Разумеется, слово «китаизированный» не означало какого бы то ни было сходства с китайской характерностью, так трогательно переданной Бабановой в спектакле «Рычи, Китай!». Оно означало лишь изящную четкость рисунка, которой добивался Мейерхольд от каждого из актеров. В гигантской многофигурной фреске «Ревизора» мало кто из исполнителей владел с таким искусством {98} техникой «остранения» (словцо, уже введенное в употребление «формальной школой»).
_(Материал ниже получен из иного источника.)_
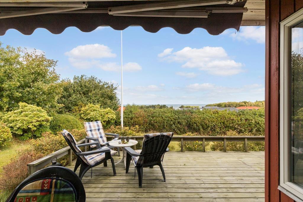 Udenfor venter en skøn grund, der indbyder til både ro og fælles hygge. Den store terrasse åbner sig mod havet og giver jer en fantastisk udsigt, som kan nydes dagen lang. Her finder I et overdækket område med grill og spisebord – perfekt til lange sommeraftener – og overdækningen kan nemt forlænges med en markise, så I altid sidder godt i læ.
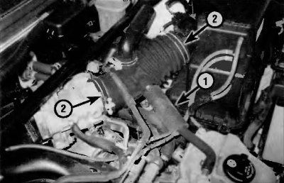 Рис. 9.2. Для снятия впускного воздухопровода отсоедините впускной шланг свежего воздуха системы PCV (1) и опустите хомуты (2) и в обоих концах воздухопровода, а затем отсоедините воздухопровод от корпуса воздушного фильтра и корпуса дроссельной заслонки (показав модель с двигателем V6)
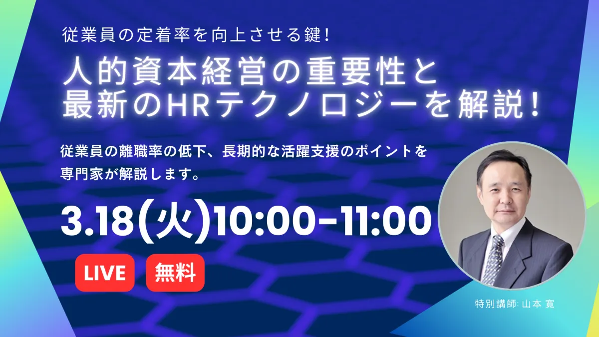 2025年3月18日(火)10時から11時まで、Zoomを使ったオンライン形式で行われる本セミナーでは、人的資本経営の重要性と最新のHRテクノロジーについて解説します。リテンションマネジメントの観点から、企業が実施するべき具体的な施策に焦点を当て、社員の本音を引き出すための「人事インタビュー」の効果的な実施方法と分析手法も紹介します。
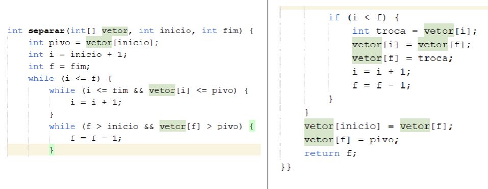 - Reorganiza o vetor: todos menores que o pivô vão para a esquerda e todos maiores para a direita.

«Площадку “Ревизора” хочется назвать квалификационной площадкой, предназначенной для испытания актера», — скажет Гвоздев. Это испытание Бабанова выдержала на обычном высоком уровне.

Приняв свою второстепенную участь, она, казалось бы, могла рассчитывать на простую лояльность Всеволода Эмильевича и его жены. Увы, ситуацию невольного соперничества, которую она, как истая актриса, сполна реализовала сценически, Зинаида Райх, как истая женщина, реализовала житейски, не преминув вовлечь в нее Мейерхольда. Гонения на Бабанову поднялись еще до официальной премьеры.

Из письма М. И. Бабановой автору

«Несчастья начались с посещения одной “ночной” репетиции Андреем Белым…».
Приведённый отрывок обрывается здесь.